Mohon tunggu...
KOMENTAR
Sosbud

Suami Melarang Istri Berkarier

18 April 2012   03:24 Diperbarui: 25 Juni 2015   06:29 6685 1
Sepasang manusia pria dan perempuan. Mereka bertemu pertama kali di kampus yang sama tempat mereka menimba ilmu. Mereka berpacaran. Lulus kuliah masing-masing bekerja untuk mengamalkan ilmu yang telah mereka dapat. Sang pria bekerja menjadi pegawai negeri sipil dan sang perempuan bekerja di sebuah penerbitan buku.

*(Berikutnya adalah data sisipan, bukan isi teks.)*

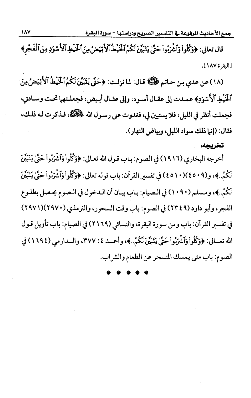 (18) عن عدي بن حاتم -رضي الله عنه- قال: لما نزلت: {حَتَّى يَتَبَيَّنَ لَكُمُ الْخَيْطُ الْأَبْيَضُ مِنَ الْخَيْطِ الْأَسْوَدِ} عمدت إلى عقال أسود، والى عقال أبيض، فجعلتهما تحت وسادتي، فجعلت أنظر في الليل، فلا يستبين لي، فغدوت على رسول الله -صلى الله عليه وسلم-، فذكرت له ذلك، فقال: "إنما ذلك سواد الليل، وبياض النهار).

Singkat cerita mereka memutuskan untuk menikah. Terjadi kesepakatan. Suami bekerja dan istri di rumah menjadi ibu rumah tangga.

SUAMI KEPALA RUMAH TANGGA

Menjadi pegawai negeri sipil kantor pusat Jakarta memberi konsekuensi untuk sang suami siap ditugaskan di mana saja di seluruh wilayang Negara Kesatuan Republik Indonesia. Gaji sang suami boleh dikata cukup untuk menghidupi keluarga. Sehingga suami memutuskan untuk menjadi kepala rumah tangga dan satu-satunya tonggak ekonomi keluarga. Pada kenyataannya, memang suami mampu melaksanakan tugas dan tanggung jawabnya sebagai kepala keluarga. Semua kebutuhan keluarga dapat tercukupi. Kehidupan mereka berdua sebagai sebuah keluarga boleh dikata cukup.  Tatkala suami dipindahtugaskan ke daerah tertentu di luar Jawa, sang istri turut menyertai. Memang dari awal sudah disepakati demikian. Istri menjadi ibu rumah tangga dan suami menjadi kepala rumah tangga.

Sebagai pasangan baru, memiliki anak adalah harapan terindah. Dengan demikian kondisi istri harus dipersiapkan sebaik mungkin. Itu sebabnya istri tidak disibukkan dengan pekerjaan di luar rumah alias tidak diharapkan bekerja di luar rumah. Fokus dan konsentrasi hanya untuk mempersiapkan hadirnya si buah hati.

Setelah 2 tahun menikah, mereka dikaruniai seorang putera yang lucu dan sehat. Ekonomi keluarga baik-baik saja. Mereka berdua sebagai orang tua bisa memberikan kasih sayang dan kebutuhan jasmani untuk si buah hati. Suami makin rajin dalam bekerja karena sekarang memiliki tambahan tanggung jawab yaitu membesarkan si buah hati semata wayang. Kehidupan mereka berdua semakin beranjak membaik setelah lahirnya buah hati mereka.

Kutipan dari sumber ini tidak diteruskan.